Fredrik bug report made me dive a little deeper into compares and contains tests.
Here is a snapshot of what my current version does:
'1' == None 0 u'1' == None 0 '1' == 'aäöü' 0 u'1' == 'aäöü' Traceback (most recent call last): File "<stdin>", line 1, in ? UnicodeError: UTF-8 decoding error: invalid data
'1' in ('a', None, 1) 0 u'1' in ('a', None, 1) 0 '1' in (u'aäöü', None, 1) 0 u'1' in ('aäöü', None, 1) Traceback (most recent call last): File "<stdin>", line 1, in ? UnicodeError: UTF-8 decoding error: invalid data
The decoding errors occur because 'aäöü' is not a valid UTF-8 string (Unicode comparisons coerce both arguments to Unicode by interpreting normal strings as UTF-8 encodings of Unicode).
Question: is this behaviour acceptable or should I go even further and mask decoding errors during compares and contains tests too ?

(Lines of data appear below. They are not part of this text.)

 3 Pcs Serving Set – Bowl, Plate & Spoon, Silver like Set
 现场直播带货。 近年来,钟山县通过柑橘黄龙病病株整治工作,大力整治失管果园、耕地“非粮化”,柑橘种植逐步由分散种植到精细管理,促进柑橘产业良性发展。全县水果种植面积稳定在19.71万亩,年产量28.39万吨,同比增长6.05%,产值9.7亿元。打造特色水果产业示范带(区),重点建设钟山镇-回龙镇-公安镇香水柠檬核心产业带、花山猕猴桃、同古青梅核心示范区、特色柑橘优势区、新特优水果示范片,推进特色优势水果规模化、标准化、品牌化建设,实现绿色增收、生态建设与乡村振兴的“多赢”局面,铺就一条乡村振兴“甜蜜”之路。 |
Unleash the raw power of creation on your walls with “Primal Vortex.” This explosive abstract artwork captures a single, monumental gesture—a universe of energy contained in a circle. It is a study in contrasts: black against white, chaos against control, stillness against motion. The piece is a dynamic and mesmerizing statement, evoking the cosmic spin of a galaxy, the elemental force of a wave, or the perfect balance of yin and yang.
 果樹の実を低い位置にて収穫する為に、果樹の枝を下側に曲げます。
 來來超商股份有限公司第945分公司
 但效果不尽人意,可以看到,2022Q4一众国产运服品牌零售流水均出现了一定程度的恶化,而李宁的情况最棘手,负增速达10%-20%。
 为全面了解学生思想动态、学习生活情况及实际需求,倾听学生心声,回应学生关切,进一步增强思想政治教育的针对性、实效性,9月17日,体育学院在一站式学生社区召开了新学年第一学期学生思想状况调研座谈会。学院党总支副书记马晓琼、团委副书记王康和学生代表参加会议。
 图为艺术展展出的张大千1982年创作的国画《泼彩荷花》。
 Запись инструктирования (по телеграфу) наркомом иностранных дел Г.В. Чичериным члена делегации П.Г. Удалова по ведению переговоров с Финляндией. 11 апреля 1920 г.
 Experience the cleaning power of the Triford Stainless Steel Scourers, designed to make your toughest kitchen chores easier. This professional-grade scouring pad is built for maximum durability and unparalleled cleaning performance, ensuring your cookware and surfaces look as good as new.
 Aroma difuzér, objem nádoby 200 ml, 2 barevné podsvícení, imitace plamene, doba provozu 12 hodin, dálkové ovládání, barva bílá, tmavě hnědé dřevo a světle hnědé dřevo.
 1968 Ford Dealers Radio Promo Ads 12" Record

I think this is right -- I expect it will catch more errors than it will cause. This made me go out and see what happens if you compare a numeric class instance (one that defines __int__) to another int -- it doesn't even call the __int__ method! This should be fixed in 1.7 when we do the smart comparisons and rich coercions (or was it the other way around? :-). --Guido van Rossum (home page: http://www.python.org/~guido/)